Годольфин отреагировал практически мгновенно:

— Нет! Нет! Я был там! — Он с трудом повернул к ней голову:

— Я ведь не рассказывал вам про Вейссу, а?

— Конечно рассказывали.

— Я сам едва помню Вейссу.

— Я помню. Я запомнила для нас обоих.

— Запомнила. — Внезапно он хитро наклонил голову. Но затем, расслабившись, пустился в воспоминания:

— Если я чем-то и обязан Вейссу, так это эпохой, Полюсом, службой… Но все это отняли, я имею в виду естественность, ощущение совместимости с окружающим. Нынче модно во всем винить войну. Что ни говори, но Вейссу ушла, и нам ее не вернуть — ни ее, ни многое другое: старые шутки, песни, страсти. И тот тип красоты — Клео де Мерод или Элеонора Дузе. Тот взгляд из уголков глаз — из-под невероятно больших, похожих на старый пергамент век. Но вы слишком молоды, вы не можете этого помнить.

— Мне за сорок, — улыбнулась Вера Меровинг, — и конечно же я помню. Меня тоже познакомили с этой самой Дузе.
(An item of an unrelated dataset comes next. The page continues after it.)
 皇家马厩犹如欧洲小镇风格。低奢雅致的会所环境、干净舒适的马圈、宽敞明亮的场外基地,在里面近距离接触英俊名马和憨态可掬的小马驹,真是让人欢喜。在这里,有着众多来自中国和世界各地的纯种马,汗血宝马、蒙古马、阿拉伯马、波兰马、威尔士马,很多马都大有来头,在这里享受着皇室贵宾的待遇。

Это сделал тот самый человек, который познакомил с ней всю Европу — больше двадцати лет тому назад в своей книге "Il Fuoco". Мы были в Фиуме. Тоже во время осады. Позапрошлым Рождеством. Он называл его кровавым. Он делился со мной воспоминаниями о ней в своем дворце, пока Андреа Дориа осыпал нас снарядами.

— По праздникам они ездили на Адриатику, — сказал Годольфин, глупо улыбаясь, будто эти воспоминания были его собственными. — Он обнаженным въезжал в воду на гнедом коне, а она ждала его на берегу…
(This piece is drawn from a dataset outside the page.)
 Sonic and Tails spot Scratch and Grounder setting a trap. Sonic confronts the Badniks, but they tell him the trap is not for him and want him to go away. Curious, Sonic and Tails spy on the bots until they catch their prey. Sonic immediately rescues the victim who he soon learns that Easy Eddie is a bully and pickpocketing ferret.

— Нет, — внезапно на какое-то мгновение голос зазвучал злобно, — и продажа драгоценностей в попытке предотвратить публикацию романа о ней, и пускавшаяся по кругу чаша из черепа девственницы — все это ложь. Она влюбилась, когда ей было за сорок, а он ее оскорбил. И не пожалел на это сил. Вот и все.

— Разве мы оба не были тогда во Флоренции? Когда он писал роман об их связи. Как это мы их упустили? Тем не менее, мне всегда казалось, что я с ним просто разминулась. Сначала во Флоренции, потом в Париже перед самой войной, словно была обречена ждать, пока он не достигнет высшей точки, пика virtu: Фиуме!